If the world of tailoring is constantly evolving, with modes that can be easily identified in time, that of botterie is more discreet. Whether in terms of forms or patronage, we evolve slowly and little, as what exists is already exceptional.
The big names in the sector are still mostly there (Cleverley, Lobb, Green, Weston …). Yet for ten years, we feel a new dynamism to create. The search for a new aesthetic especially, with more assumed forms, more worked patinas.

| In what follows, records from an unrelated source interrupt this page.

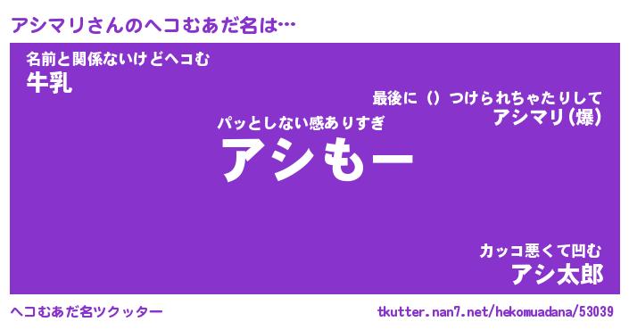| ファンタジー風あだ名 | 『アシフェル』『エターナルアシマリー』 |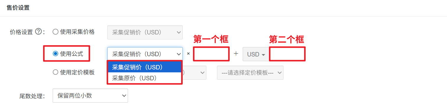 ② 使用公式:指先将采集原产品的价格(USD)/促销价(USD),进行(翻倍)调整,最后再(增加/减少)多少钱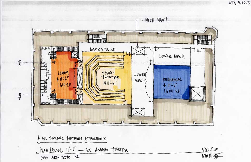 Landry & Bogan worked with GBD Architects and the staff of Portland Center Stage to design the conversion of the landmark 1891 Armory Building in the Pearl District of Portland, OR, into a new home for PCS. Along with the 600-seat Bob and Diana Gerding Theatre and the 200 seat flexible Studio Theatre, the Armory contains a costume shop, props, dye and crafts areas, dressing rooms and a rehearsal room as well as offices and meeting space for PCS.

Whether on the side of professionals, or amateurs (often extremely sharp when it comes to shoes), we seek to restore the shoe’s nobility.
Among the first to be dedicated to the men’s shoe, the course of Justin Fitzpatrick is interesting, since he managed to move from a blog to a well established brand on the market, while trying to answer a problem enough complicated: how to be distinguished, by attaching to the fundamentals of what is a beautiful shoe?
Justin Fitzpatrick hails from Seattle and is passionate about shoes, initially sneakers. It launched in 2013 its brand, but this project is the culmination of a much longer course. A course he did not intend to the shoe. Passionate primarily for music, Justin imagined more evolve to major record companies than to footwear. Yet the vagaries of life, and the impossibility of starting an internship at a major sector will move away from the world of music. Needing a well-defined project to achieve, he then decides that it is towards the world of footwear that he will turn.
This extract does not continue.